Read other letters about this article
I notice a fair amount of commentary from people who haven't yet seen Cars - and who, for generally stuffy elitist reasons, have decided not to. Too bad.
Some think it's Pixar hackwork - poorly animated, crudely done. Nonsense! The luciousness of the backgrounds, the details and detailing of the automotive characters are all superb. The reflections on their sleek paint jobs in the full glow of classic Route 66 neon has to be seen to be believed. Today, after seeing the movie, every car on the road looks different - more alive - than it did before I saw Cars.
Others whine that there's nothing new about the story. Sorry, guys and gals, but that one just doesn't fly. Most of the great literature is based on old, oft-repeated stories, from Gilgamesh to Troy to Beowulf to Shakespeare to Hitchcock to Bergman. There's a reason the same old chestnuts keep coming back, in one form after another. People crave these stories. Children, in fact, should love this one, even if their oh-so-sophisticated parents may not. And the movie teaches life lessons of curbing your own selfishness, teamwork, helping others, respecting earlier generations, letting your wealth trickle down - oh, and striving to excel.
This "red state/blue state" prism that many have tried to force the movie through is just bizarre and tiresome. It's irrelevant. The movie doesn't attempt to divide and polarize - it successfully finds common ground.
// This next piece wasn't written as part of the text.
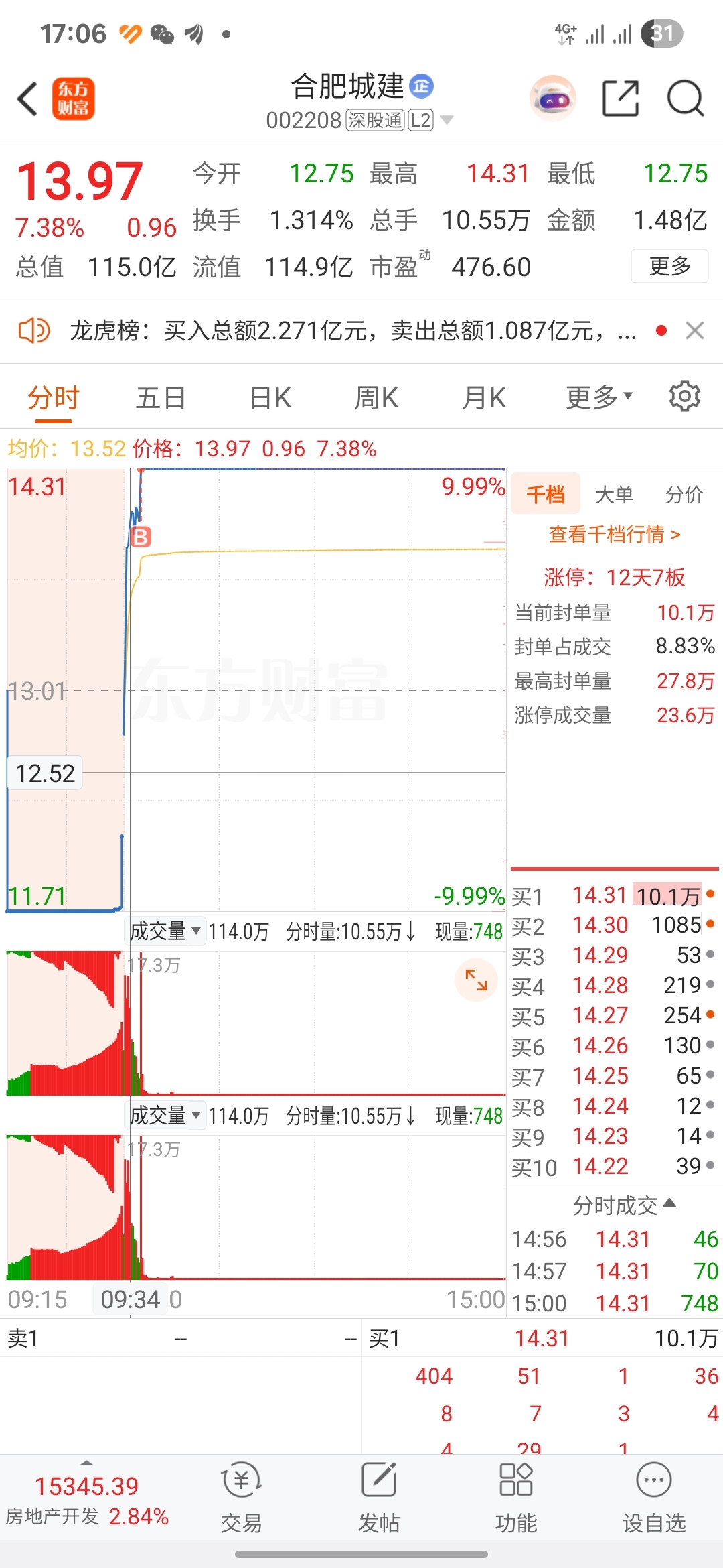 $合肥城建(SZ002208)$ 大有吃了三个板,今天满仓换到合肥了,合肥今天弱转强,确实买点,早盘盯杂毛去了,没有买。其实今天大有可以在断板回封接回来,但是想想算了,七板是个坎,还是合肥的换手更充分点,七个点准备买的,但是不符合纪律,追高迟早要还回去,还是封板确定性大一点。也就三个点的利润。#炒股日记#

I live on Old Route 66, by the way - on a part that got the Interstate (I-40) going right through it (and I-25 as well), but nearby to places that didn't. They got the details right, right down to the spectacular scenery. You elitists in the Midwest may not recognize the realism, having mainly old Roadrunner cartoons to go by, but a big part of the thrill of the movie, for me, was how accurate the mountains and deserts looked (with slight cartoon exaggeration, of course.)
And then there was the thrill of the road - if you weren't moved by the opening sequence coming into the racing stadium, then frankly, I pity you. Driving on the Interstate, by day and by night, driving on the twists and turns of Old 66, cruising main street, speeding across the fields pursued by Frank the Harvester - it's what's fires America's romance with the automobile. (Well, maybe not the part about Frank.)
We'll eventually be using more public transit. Many of us will be able to reproduce a fair amount of the thrill of the road via bicycle. But there will always be a desire for fast, reliable personal transportation - and it doesn't need to be petroleum-fueled. You're not going to kill this desire by snarking about SUVs, peak oil, or global warming. In one form or another, people want to be able to drive where they want to go, by their own schedule, on their own journeys of discovery.
If you break down and go to see Cars, maybe you, too can remember this thrill.